In this study, we also observed that within 30 minutes after HD, the average weight of patients decreased by 2.59 ± 0.80 kg (P < 0.001), and the average IOP decreased by 0.07 ± 0.63 mmHg (P = 0.282). However, the renal function of patients with ESKD tends to fail, and the water and metabolic waste discharged previously can gradually accumulate again after HD. Therefore, the SFCT and SFCV of patients in this study increased again before the next HD.
However, the retinal thickness did not change due to HD, which may be related to the fact that the patients in this study had already undergone long-term HD; subsequently, long-term HD led to the stabilization of the macular anatomical structure of the retina. Moreover, retinal blood vessels run between the nerve fiber layer and the inner nuclear layer, while the layers outside the inner nuclear layer in the retina are avascular [35]. Even if HD leads to a decrease in blood volume throughout the body, including in the retinal vascular plexus, its impact on retinal thickness is difficult to detect.

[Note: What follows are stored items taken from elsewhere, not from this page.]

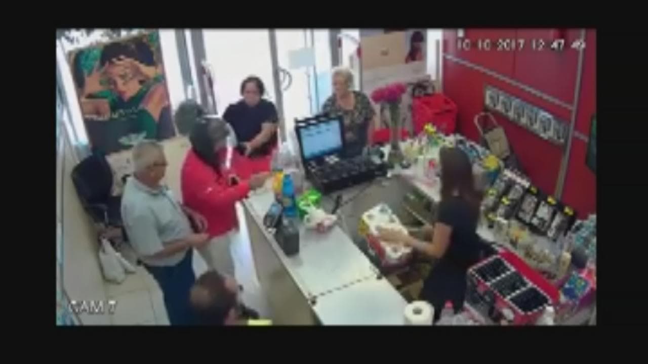 El videíto: Una señora evita a carterazos un atraco a una farmacia en España
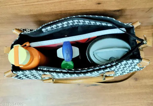 BIG ! YES THAT"S THE RIGHT WORD FOR OUR LATEST TOTE . BIG BAG TO KEEP ALL YOUR STUFF WITH EASE. CARRY YOUR LUNCH, WATER BOTTLE , FILES, LAPTOP & STUFF IN JUST ONE BAG. GOT ZIP TOP CLOSURE WITH BACK POCKET FOR ADDED CONVENIENCE. ADJUSTABLE STRAP FOR EXTRA SUPPORT WHEN YOU WANT KEEP YOUR HANDS FREE. ONE SMART BAG FOR ALL YOUR ESSENTIALS.
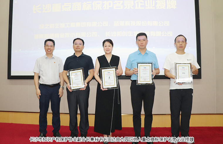 隨后,長沙市知識產(chǎn)權保護協(xié)會副會長兼秘書長田達良為園區(qū)納入重點商標保護名錄企業(yè)授牌。綠之韻集團申報的“綠之韻”商標成功入選2023年首批長沙重點商標保護名錄。據(jù)了解,此次重點保護商標評選有著非常嚴苛的標準,通過行業(yè)協(xié)會、專家組評審、商保委審議等層層篩選,要求品牌享有較高知名度,具有一定市場影響力、商標價值較高等,旨在為品牌建設工作提供有力保障。
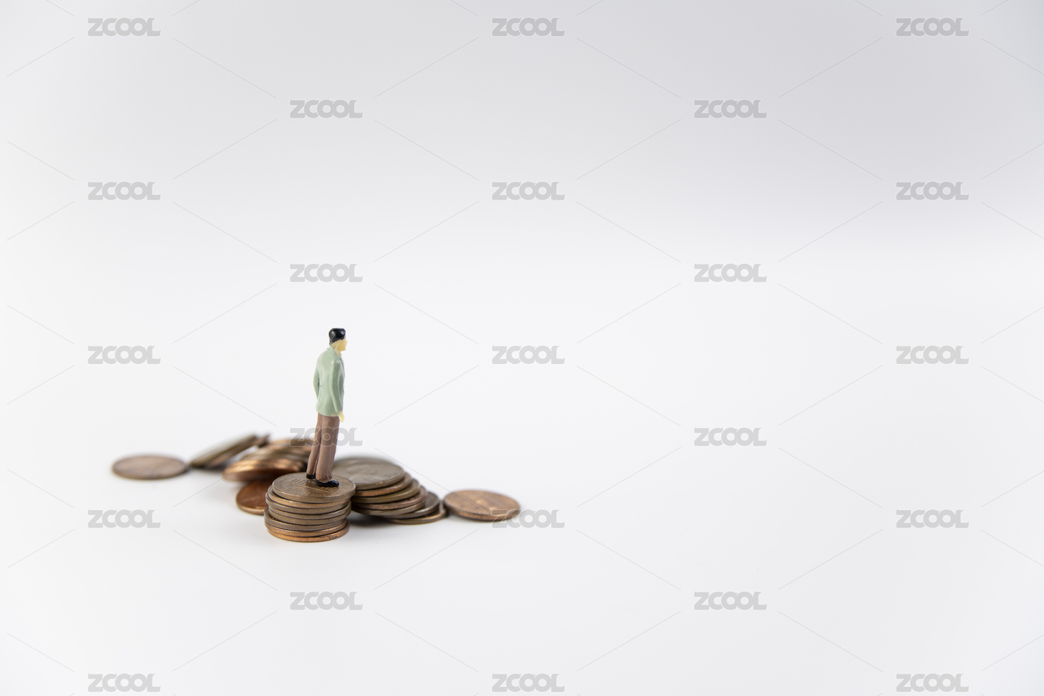 白背景上奔跑的微缩人偶跑向一排逐渐升高的
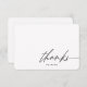 Obrigado gráfico que você define em um script preto fino em um fundo branco. Digite uma mensagem pessoal no verso ou exclua-a para escrever manualmente a sua própria mensagem. Perfeito para um casal, chá de panela, casamento, negócios, profissional ou pessoal.
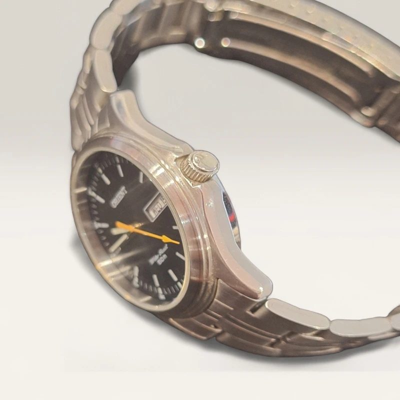 Carcasa din oțel inoxidabil și brățara metalică oferă durabilitate și confort, iar cadranul închis la culoare cu indicatoare contrastante asigură o lizibilitate foarte bună. Datorită dimensiunii echilibrate, acest ceas Orient poate fi purtat cu ușurință de orice persoană, fiind un model unisex.
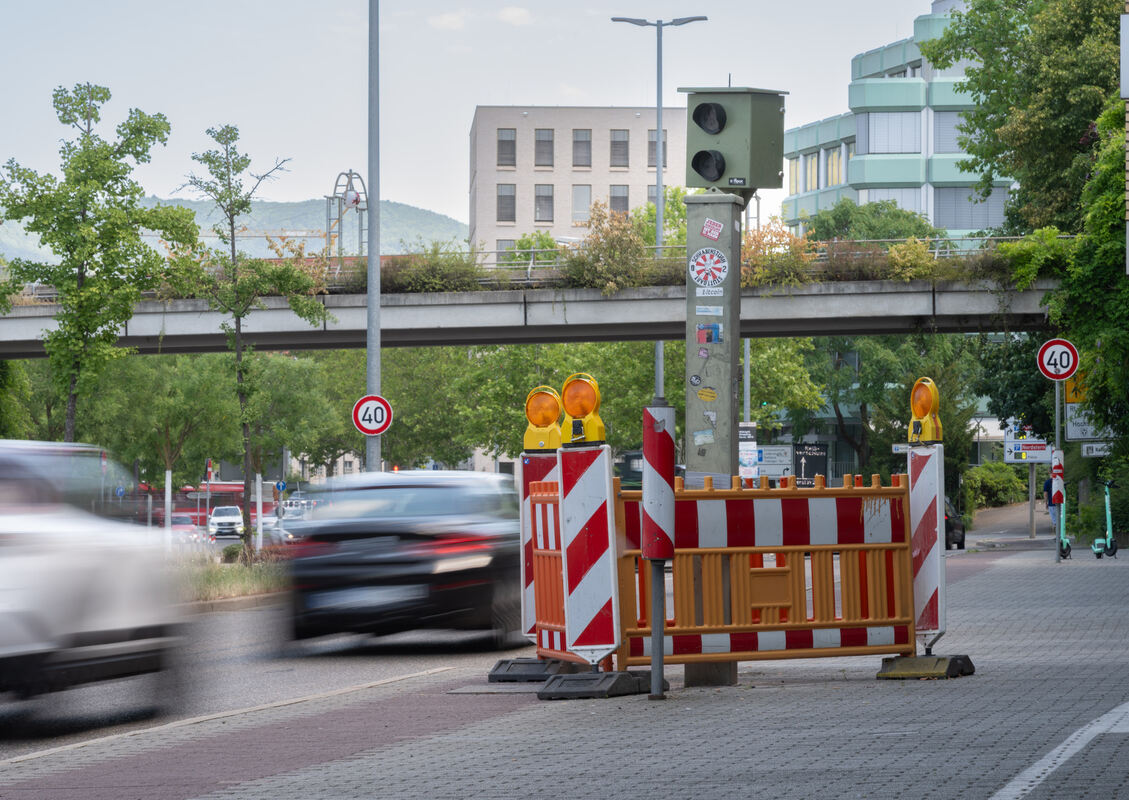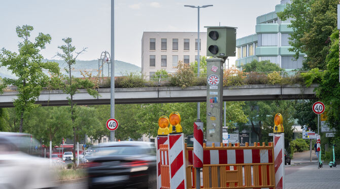 Monatelang war er (wenig) vermisst worden, jetzt ist er wieder da: der sogenannte »Rotlicht-Blitzer« gegenüber der Reutlinger Stadthalle. Wie schnell dort gefahren werden darf, zeigt das Tempo-Schild hinten rechts.

Although all the patients in this study have undergone long-term HD, their renal function is relatively stable, and DME has significantly improved, it cannot be denied that all patients still had severe DR, including the presence of nonperfused capillaries in the retina, focal avascular zone (FAZ) enlargement, and IRMA in 85 (100%) eyes. RNV was still observed in 42 (49.41%) eyes. Patients with ESKD could not be examined by fundus fluorescence angiography. The basis for distinguishing IRMA and RNV was to observe the location of blood flow signals on cross-sectional OCTA images. The blood flow signal of the IRMA is located below the ILM, and if the blood flow signal protrudes from the ILM and enters the vitreous cavity, it is considered an RNV [36, 37].

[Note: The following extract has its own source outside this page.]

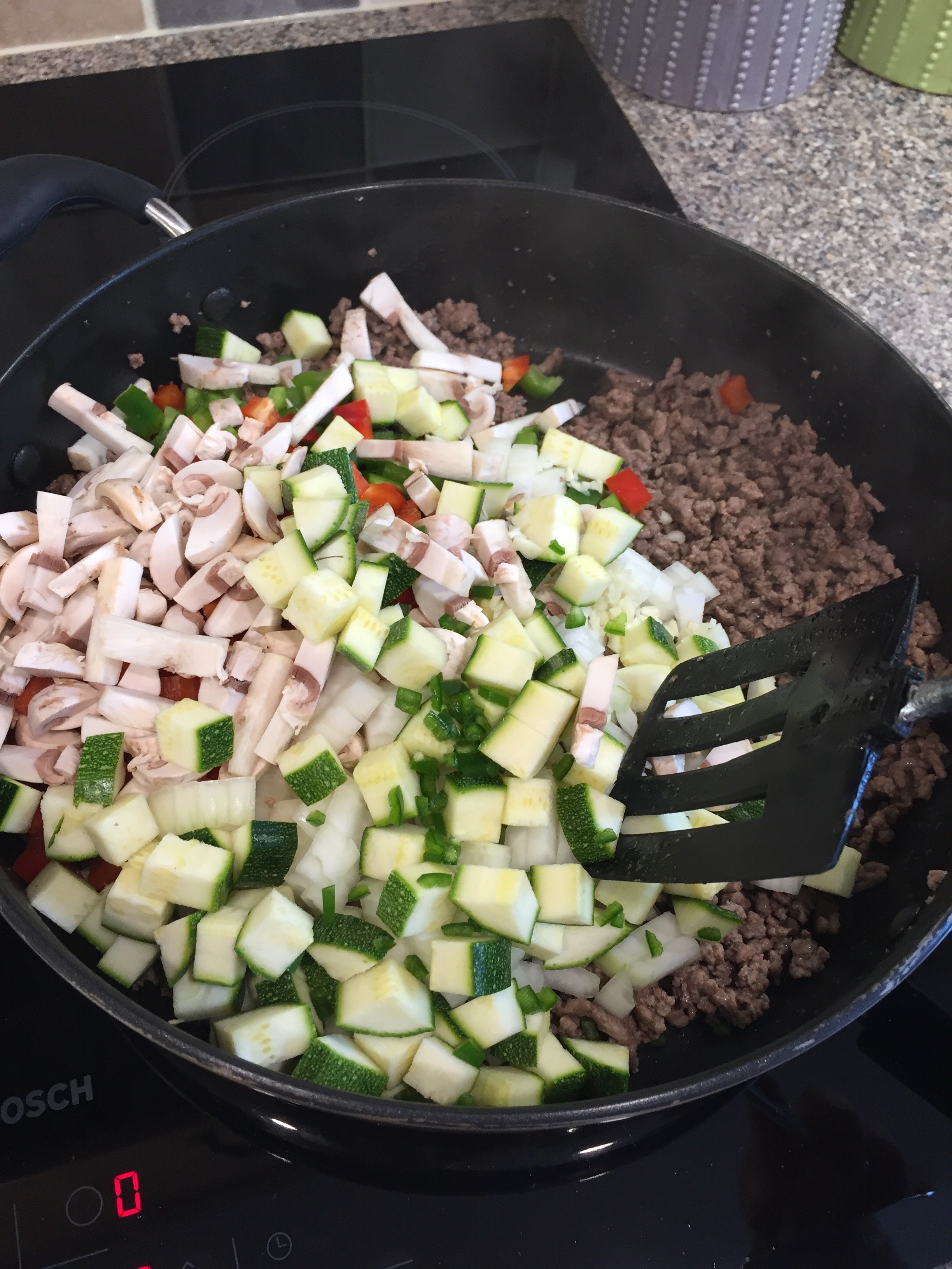 Prepare the veg- finely chop the onion, cut the courgette and peppers into small cubes, finely chop the garlic and green chilli (no seeds), cut the mushrooms into small pieces.
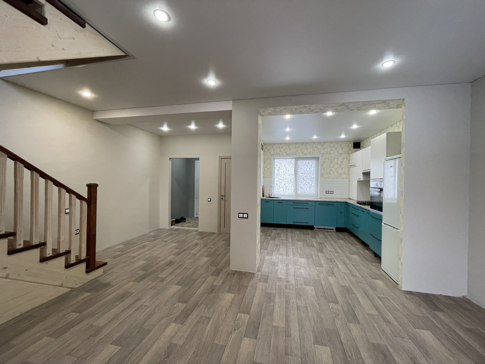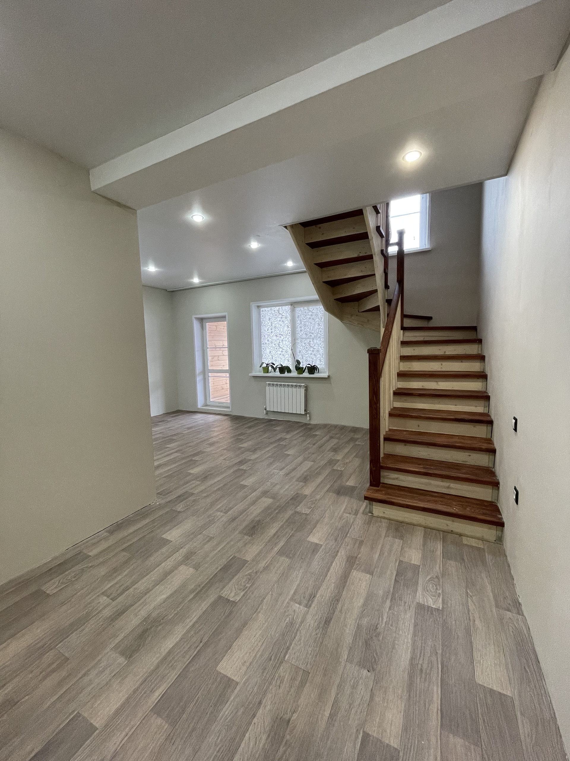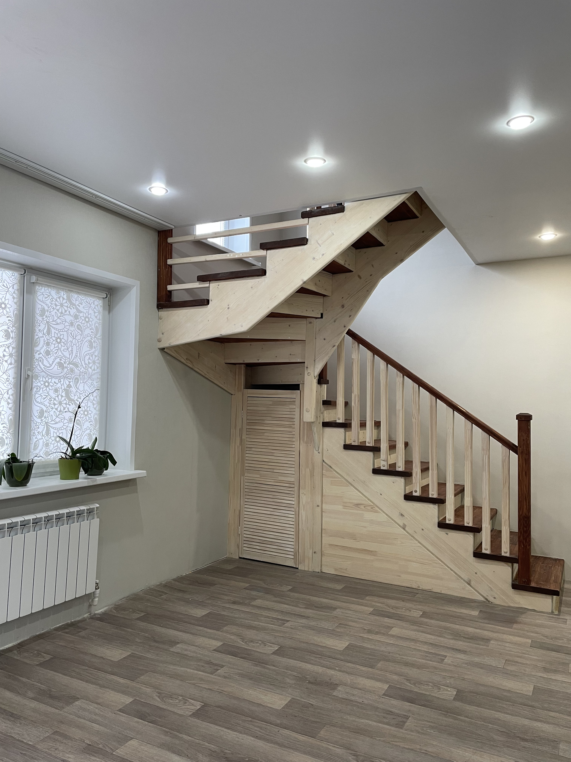 Лестница на второй этаж была полностью переделана, установлены новые ступени, подступенки, балясины, перила и столбы. Под лестницей устроена кладовая и подвал.

These RNVs still pose a risk of causing vitreous hemorrhage and traction retinal detachment [38]. However, the impact of ESKD on quality of life and survival time may make these patients more inclined to receive frequent HD rather than ophthalmic treatment. Therefore, ESKD patients with DR still need to receive timely treatment from ophthalmologists to permanently preserve their limited vision.
The main limitation of this study was its small sample size. Further large-scale prospective studies are needed to further clarify the impact of long-term HD on the retina, choroid and optic nerve.